Initial commit

a0db2f9 about 2 years ago

4.72 kB

	<!---
	Copyright 2021 The HuggingFace Team. All rights reserved.

	Licensed under the Apache License, Version 2.0 (the "License");
	you may not use this file except in compliance with the License.
	You may obtain a copy of the License at

	http://www.apache.org/licenses/LICENSE-2.0

	Unless required by applicable law or agreed to in writing, software
	distributed under the License is distributed on an "AS IS" BASIS,
	WITHOUT WARRANTIES OR CONDITIONS OF ANY KIND, either express or implied.
	See the License for the specific language governing permissions and
	limitations under the License.
	-->

	# Language model training examples in streaming mode

	The following examples showcase how to train a language model from scratch
	using the JAX/Flax backend.

	JAX/Flax allows you to trace pure functions and compile them into efficient, fused accelerator code on both GPU and TPU.
	Models written in JAX/Flax are immutable and updated in a purely functional
	way which enables simple and efficient model parallelism.

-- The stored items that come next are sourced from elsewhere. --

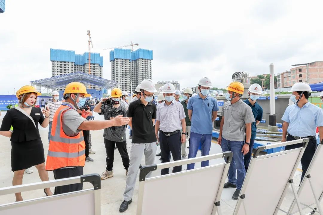 观摩当天,与会领导一一参观了铂悦湘江安全标准化布置、安全体验、双重预防机制、智慧工地运用、样板引路工艺和质量标准化等多方面的措施与做法。
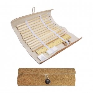 Artikel-Nr: ELT09496020-00000Flexibler Kork. Stifte-Rolle mit Naturkork bezogen. Die Innenseite ist aus leinenfarbenem Textil und beinhaltet einen Radiergummi, einen Spitzer, ein Holzlineal und 12 Buntstifte aus naturbelassenem Holz. Der Überschlag verhindert ein Herausfallen von Utensilien. Verschlossen wird die Rolle mittels Knopf und Gummischlaufe.
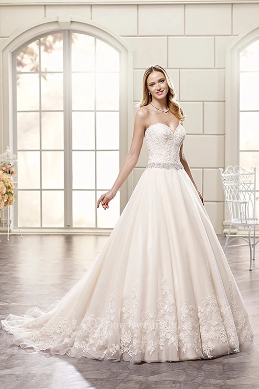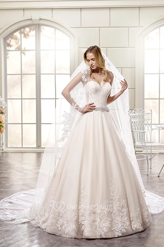 Ball Gown Floor-Length Sweetheart Jeweled Tulle&Lace Wedding Dress With Appliques
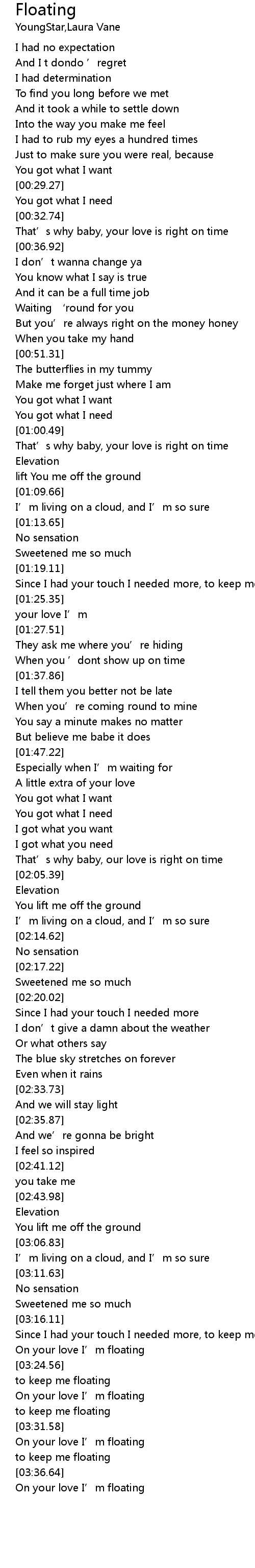 | [03:37.27] | On your love I' m floating |

	All of the following examples make use of [dataset streaming](https://huggingface.co/docs/datasets/master/dataset_streaming.html), therefore allowing to train models on massive datasets\
	without ever having to download the full dataset.

	## Masked language modeling

	In the following, we demonstrate how to train a bi-directional transformer model
	using masked language modeling objective as introduced in [BERT: Pre-training of Deep Bidirectional Transformers for Language Understanding](https://arxiv.org/abs/1810.04805).
	More specifically, we demonstrate how JAX/Flax and dataset streaming can be leveraged
	to pre-train [`roberta-base`](https://huggingface.co/roberta-base)
	in English on a single TPUv3-8 pod for 10000 update steps.

	The example script uses the 🤗 Datasets library. You can easily customize them to your needs if you need extra processing on your datasets.

	Let's start by creating a model repository to save the trained model and logs.
	Here we call the model `"english-roberta-base-dummy"`, but you can change the model name as you like.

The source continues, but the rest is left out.